• [Available data]
········
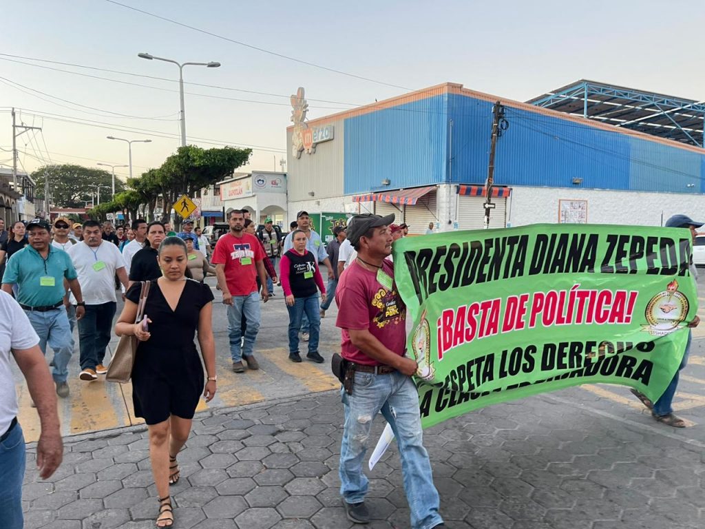 El dirigente del sindicato, Sergio Iván Vizcarra de la Rosa, encabezó la manifestación en la que usaron el mismo templete colocado para la fiesta anual del municipio y colocaron su lona de exigencias, advirtiendo que no se verán afectados los servicios a la población, pero sí se harán presentes en los eventos de la alcaldesa, Diana Zepeda, para exigir que cumpla sus compromisos “y que deje de lado la política para reelegirse, también en redes sociales vamos a hacerle su TikTok, porque sabemos que aquí el que no le da likes o hace comentarios bonitos, lo corren”.
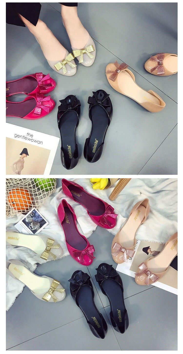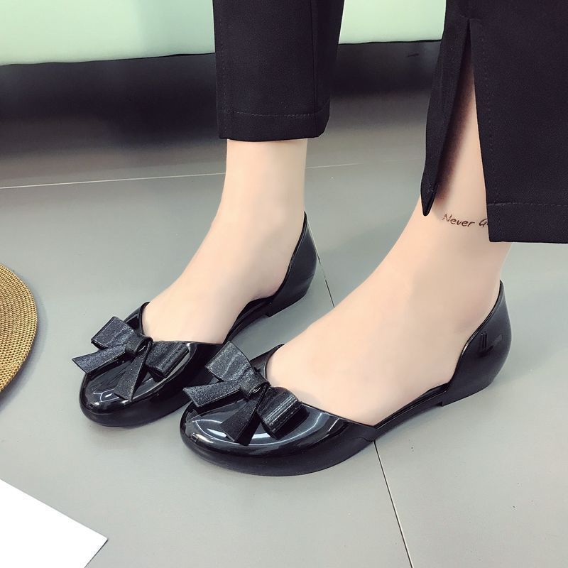 맞춤형 젤리 샌들 여성용 겉옷 새로운 발가락 활 여성 신발 플라스틱 크리스탈 편안한 플랫 미끄럼 방지
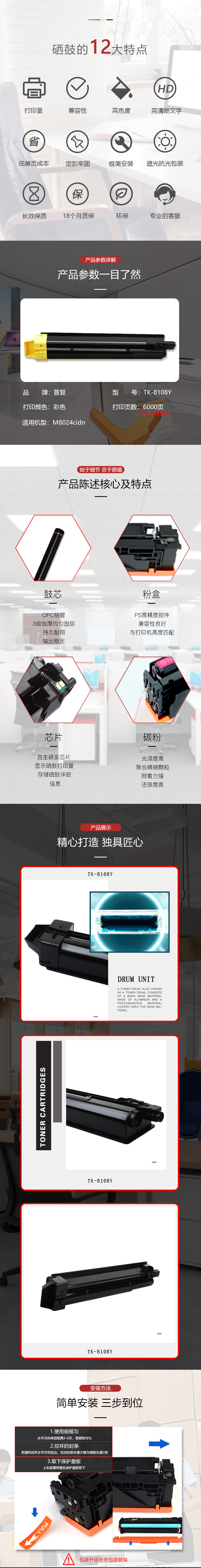 | 产品名称 : | 首复 TK-8108Y 黄色硒鼓 适用京瓷 M8024cidn |
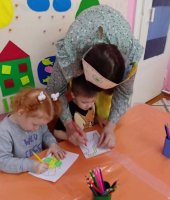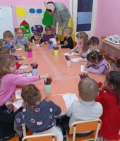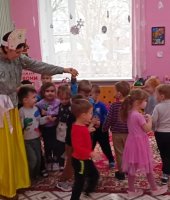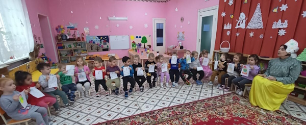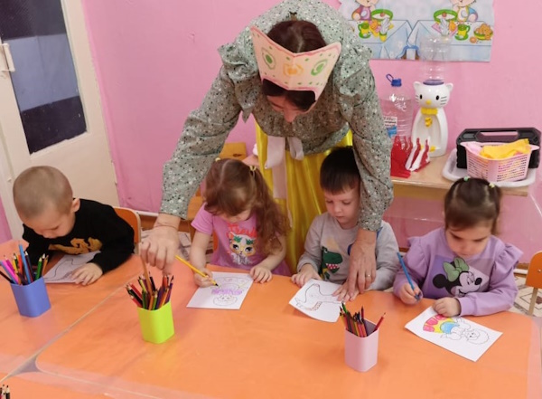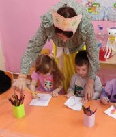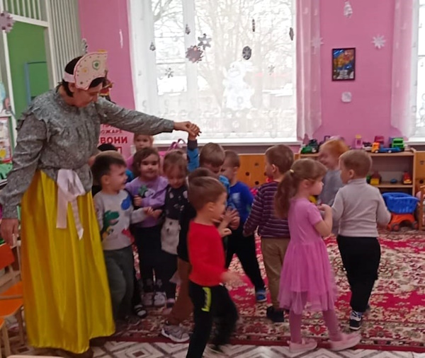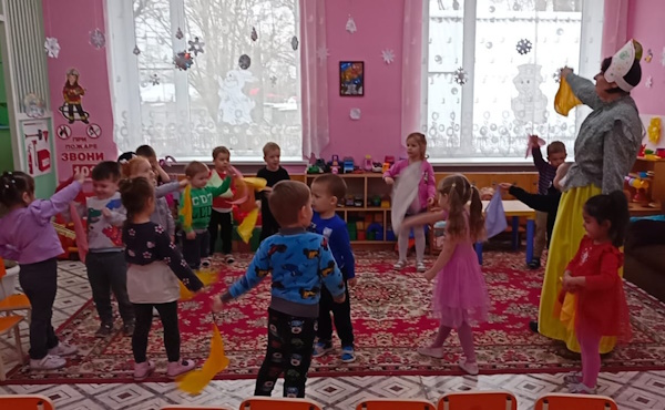 В младшей группе «Ягодки» я провела необычное мероприятие «Виртуальное путешествие в деревню Дымково». В ходе этого путешествия гостья - Дымковская барышня (роль я взяла на себя) рассказала историю создания деревни. Через познавательный фильм «Путешествие в Дымково» ребята познакомились с дымковской игрушкой и процессом создания этих игрушек. В творческой мастерской малышам расписывали шаблоны дымковской барышни и лошадки. Ребята быстро включились в работу, они наносили дымковскую роспись на свои игрушки. Потом малыши с азартом играли в народную игру «Золотые ворота» и танцевали танец с платочками.
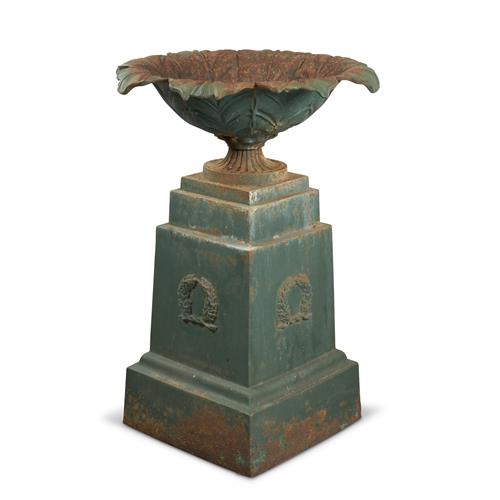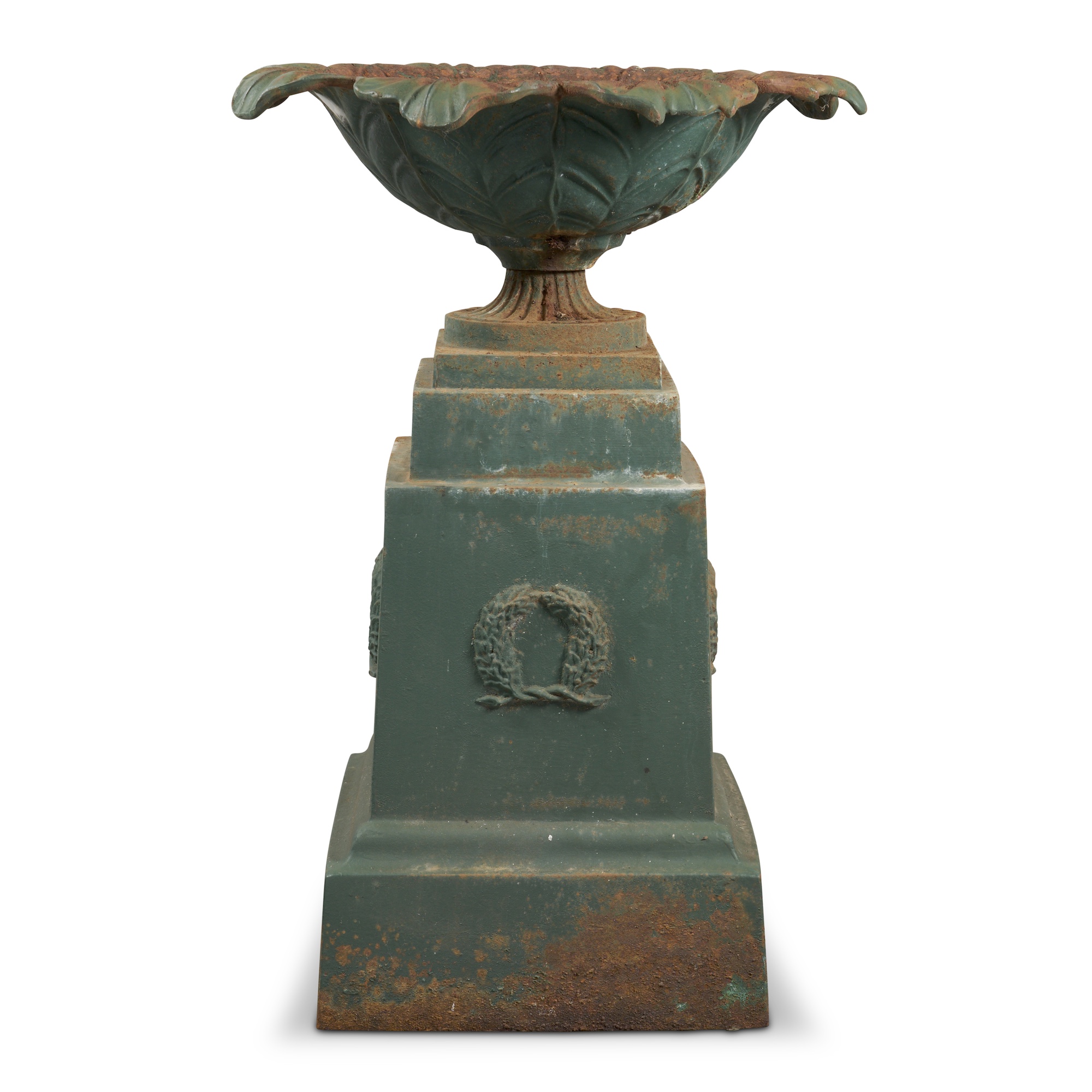 The broad open vase with sides modelled as leaves raised on an integral Classical stepped plinth with a laurel wreath in relief to each side, in old green paint
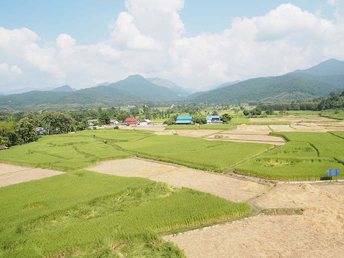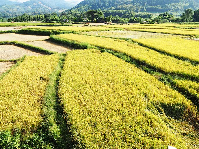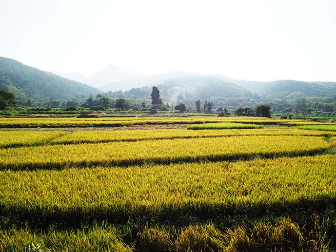 ส่วนทุ่งนาที่คาดหวังไว้ก็นับว่ายังโชคดีที่มาทันก่อนเกี่ยวข้าว คือวันที่มาเนี่ยเขาก็กำลังเก็บเกี่ยวกันแหละ เพียงแต่ยังเก็บไม่หมด เลยยังพอมีเหลือไว้ให้ยลโฉมกันบ้าง เค..พอใจแหละ ^ ^
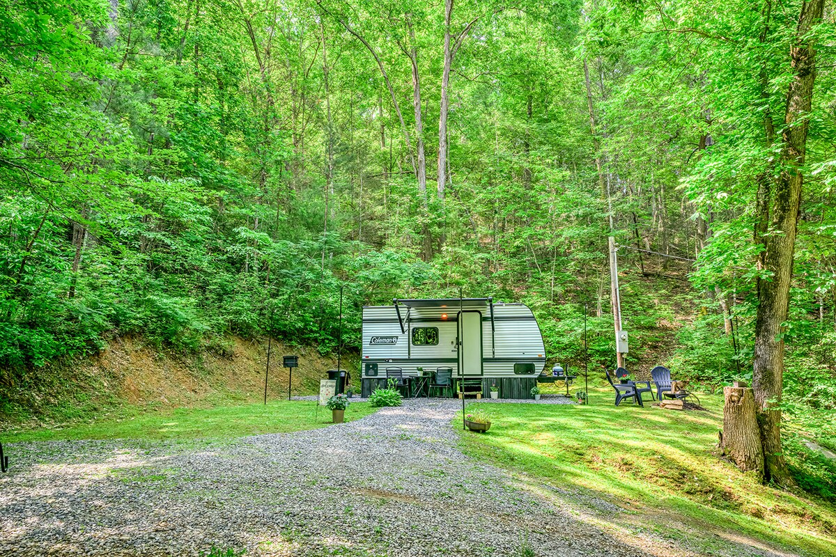 Haley's Smoky Mountain Haven. Is cinnte go mbainfidh an t - aoi taitneamh as fuaimeanna síochánta an dúlra ag ár RV atá suite go díreach ar shruth Smoky Mountain. Taobh istigh dár 36' RV gheobhaidh tú gach compord ón mbaile. Seomra leapa amháin le leaba na Banríona, seomra folctha iomlán, Seomra suí le 2 recliners agus tolg, cistin ina bhfuil go leor soláthairtí. Lasmuigh gheobhaidh tú poll dóiteáin chun taitneamh a bhaint as ag oícheanta ag éisteacht le fuaimeanna an tsrutha le paitió príobháideach. San ionad saoire gheobhaidh tú 2 linn snámha, stua, níochán, galf putt, agus i bhfad níos mó
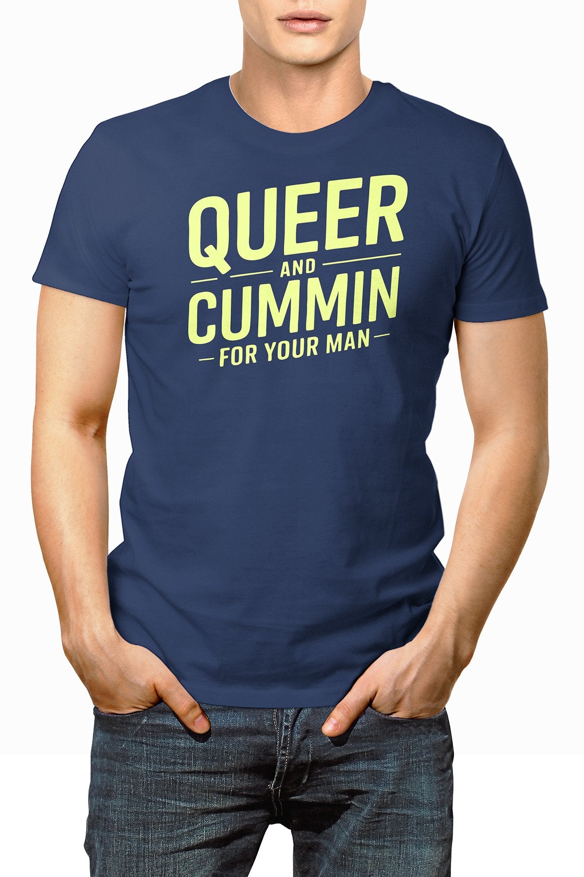 This isn’t just a shirt, it’s a fucking confession. Lowtee: Queer and Cummin’ for Your Man puts your dirty little secret front and center. With bold neon yellow letters on navy, you're not just wearing a tee—you’re announcing to the world: you're queer, and cumming for their man.
········
• [What this task involves] Can the lines from the start of the records through the line with "适用京瓷 M8024cidn |" be given again exactly, with the pictures left out?

• [Answer to the exercise]
 El dirigente del sindicato, Sergio Iván Vizcarra de la Rosa, encabezó la manifestación en la que usaron el mismo templete colocado para la fiesta anual del municipio y colocaron su lona de exigencias, advirtiendo que no se verán afectados los servicios a la población, pero sí se harán presentes en los eventos de la alcaldesa, Diana Zepeda, para exigir que cumpla sus compromisos “y que deje de lado la política para reelegirse, también en redes sociales vamos a hacerle su TikTok, porque sabemos que aquí el que no le da likes o hace comentarios bonitos, lo corren”.
 맞춤형 젤리 샌들 여성용 겉옷 새로운 발가락 활 여성 신발 플라스틱 크리스탈 편안한 플랫 미끄럼 방지
 | 产品名称 : | 首复 TK-8108Y 黄色硒鼓 适用京瓷 M8024cidn |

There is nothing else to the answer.